If you don't want HFT "manipulations", just bring back nickel spreads. That's all it takes. HFT doesn't add "real" liquidity. The fact that "real" liquidity is low when you factor out HFT isn't the fault of HFT, it's a fault of the markets having driven away potential participants.
HFTs don't add volatility... they add violence. The rapid v-turns and counter-direction pops in this period of time make it tough to hit entries and/or hold positions from point A to B. The period of 2001 - 2002 and again from 2007 - early 2009 were much "easier" to trade for catching big moves with size... the term "easy" being relative.
Exactly... everything is scaled down right now. No one is complaining about four - five figure days, but the times of bigger gains easier have not been forgotten.
Hmmm, late to the discussion, again. I have been involved with a rather length discussion via e-mail on the macro trends of global economy. Disclosure: For the record, I have a HFT system running in E-mini S&P 500 and other E-mini products. Actually I "know" the Disruptor rather well, I personally a different term for it. For those in know, this guy would behave quite similar to the Flipper, doing 950 (yep, that was a long time ago), and then mix it up. And by my estimates, this entity accounts for perhaps 5-10%-ish of daily volume in the ES. I have calibrated my system to be sensitive to this "Disruptor" and their "likelihood" of actions, for me, it is a part of life of making a living from trading. There is absolutely no need to be all alarmist about it. The reality here is, the Exchanges would listen to their biggest customers, and for the past 10 years, the biggest customers tend to be the HFT firms. Take myself as an example, for very small operation, I trade a noticeable daily volume. So of cos when requests from these biggest customers come, the exchanges would listen within realms of reason. For instance, increasing maximum size, better co-lo facilities, faster quote dissemination. All of these were done to accommodate these customers. I mean, if you were running a business, won't you try to be fair, and yet to be sensitive to the needs of the guys who are essentially writing your paycheck? Fact is, if ppl can form an "manual trader united" alliance, that vote with their trades, and suddenly ES volume drops by 30/40/50%, I am sure the alliance would get a call from Scott or whomever from CME, "what do you need? let's sit down and talk about it.". Look at Eurex, they reduced the tick size, much to the disliking of HFT market making systems, so the volume dropped off by 50%, so Eurex had to reverse the tick size decision to try to recover the lost trading volume. Frankly i don't see what the fuss is all about.

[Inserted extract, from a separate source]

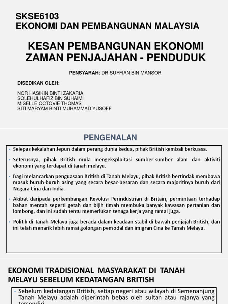 Kesan Penjajahan British Dari Segi Ekonomi Di Tanah Melayu K By Nurul Syaza

This was actually done at the request of bank traders to get a more defined fills on the bond auctions. It got rid of the manual prop traders. I was part of the lobby group that got eurex to return the bobl back to full ticks and hence the manual traders returned to it in some form but most just went to eurostoxx and stayed there. My heart bleeds for these programmers having to give away their "secrets" good thing you can't copy and paste experience. http://newsandinsight.thomsonreuter..._regulators_seek_high-frequency_secret_sauce/
Exactly. Most of the complaints about HFT come from those who can't program and don't have a clue about how an algo is constructed and tested.
If you're a trader and you've made some money. Why not do a little research and find a strategy that can be programed. Read a few programming books, and work with some smart computer science kid to help you code it. You will both learn, you about programming and him about trading.